Si tous ceux qui guident le marketing des patients rares n’enlèvent que ces trois balles (considérez la réputation de votre petite ville, creusez profondément et fournissez du contenu, et respectez les données quantitatives dont vous disposez), les patients rares seront mieux placés. Et compte tenu du parcours qu’ils ont parcouru, nous leur devons vraiment d’être à la hauteur.
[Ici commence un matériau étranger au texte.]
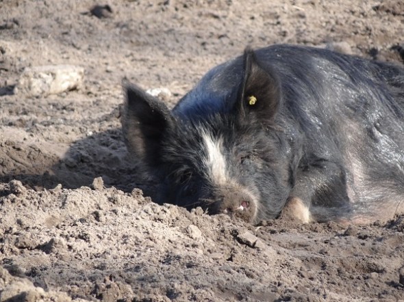 Je gunt toch ieder varken zo’n lekker plekje in het zonnetje, maar helaas………
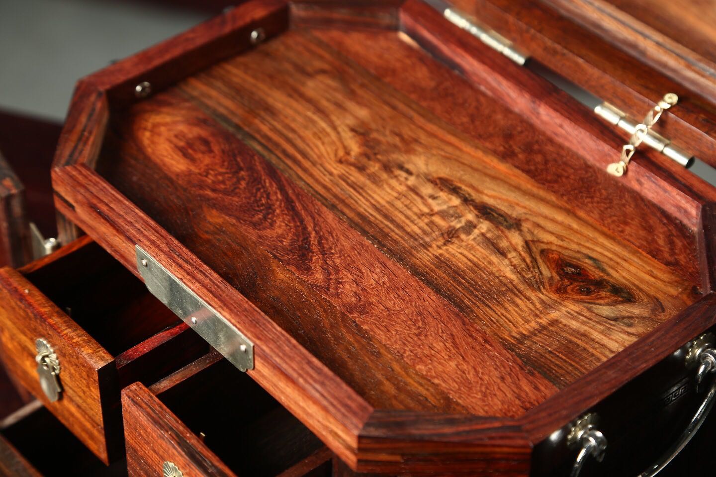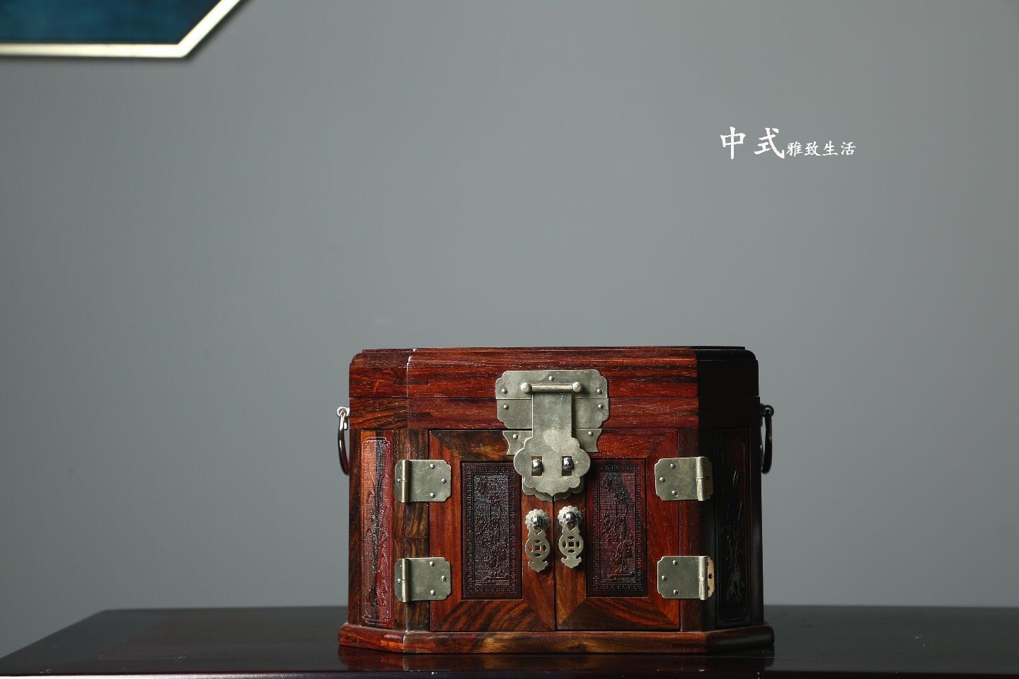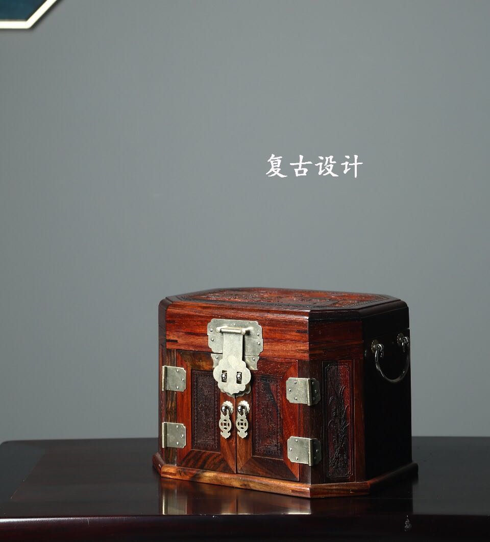 Red Wood Large Red Acid Branches Red Wood First Accessories Box Solid Wood Engraving Chinese Jewelry Case Mirror Box Hand-decorated Containing Box Wedding Celebration
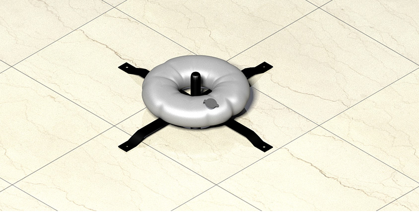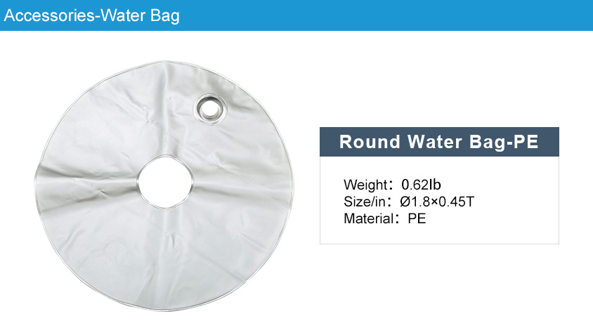 The round water bag is made of PE. The fill port allows filling with water when greater weight is required. The water bag can be used along with our cross base for even greater stability.

Connectez-vous : www.linkedin.com/in/corinakellam/


[i] https://www.cdc.gov/chronicdisease/index.htm

Corina Kellam

Chez Ogilvy Health, Corina dirige l’offre d’expérience et d’innovation, qui comprend l’analytique, l’engagement et la technologie. Elle a travaillé dans tout le spectre des soins de santé, y compris 17 des 20 plus grandes sociétés pharmaceutiques, ainsi que des systèmes hospitaliers, des payeurs et des marques de bien-être. Elle se spécialise à s’assurer que les clients répondent à leurs besoins stratégiques. Cela inclut la construction des bonnes fondations, l’exécution efficace, la mesure méticuleuse et l’optimisation réfléchie. Si ce n’est pas bon pour l’utilisateur final et ce n’est pas bon pour le client, ce n’est pas la bonne expérience.